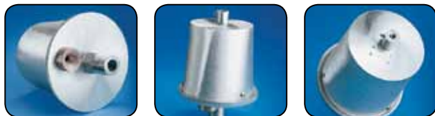
For Internal Halyard Poles • Threaded Type • Revolving • Single Pulley
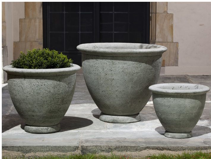
Shown in Alpine Stone

Available in a choice of thirteen (13) exclusive natural pigment stains in addition to natural. All of our patinas are hand applied in a multi-step process which produces unique and beautiful surface finishes. Designed to replicate the look of naturally aged materials, the patinas will not prevent the natural aging process that occurs in an outdoor environment. Rather than creating uniform stains, our approach gives our products their unique beauty and appeal.
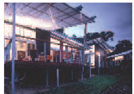
Steel framed tropical rooftops catch and direct the prevailing south easterly sea breezes through to doors and windows
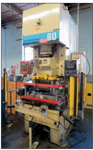
Comatsu OBS-80-VS-3 Gap Frame, 88 Ton, 37 – 75 SPM
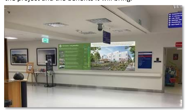
Proposed location inside North Shore Hospital

Wall graphics will shortly be placed inside the front entrance to North Shore Hospital and along the fence line on Taharoto Road to give the public details about the project and the benefits it will bring.
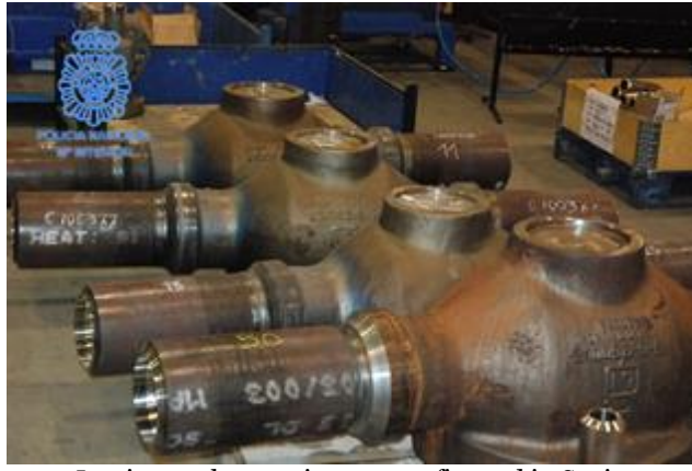
Iranian nuclear equipment confiscated in Spain

However, the Supreme Leader can overrule anyone, including Islamic law and his own previous statements. The Washington Institute for Near East
----------
Work instruction
Quote, without alteration, the lines running from the line containing "Wall graphics will" to the last line of the entries, and include no pictures.

Exercise response
Wall graphics will shortly be placed inside the front entrance to North Shore Hospital and along the fence line on Taharoto Road to give the public details about the project and the benefits it will bring.
Iranian nuclear equipment confiscated in Spain

However, the Supreme Leader can overrule anyone, including Islamic law and his own previous statements. The Washington Institute for Near East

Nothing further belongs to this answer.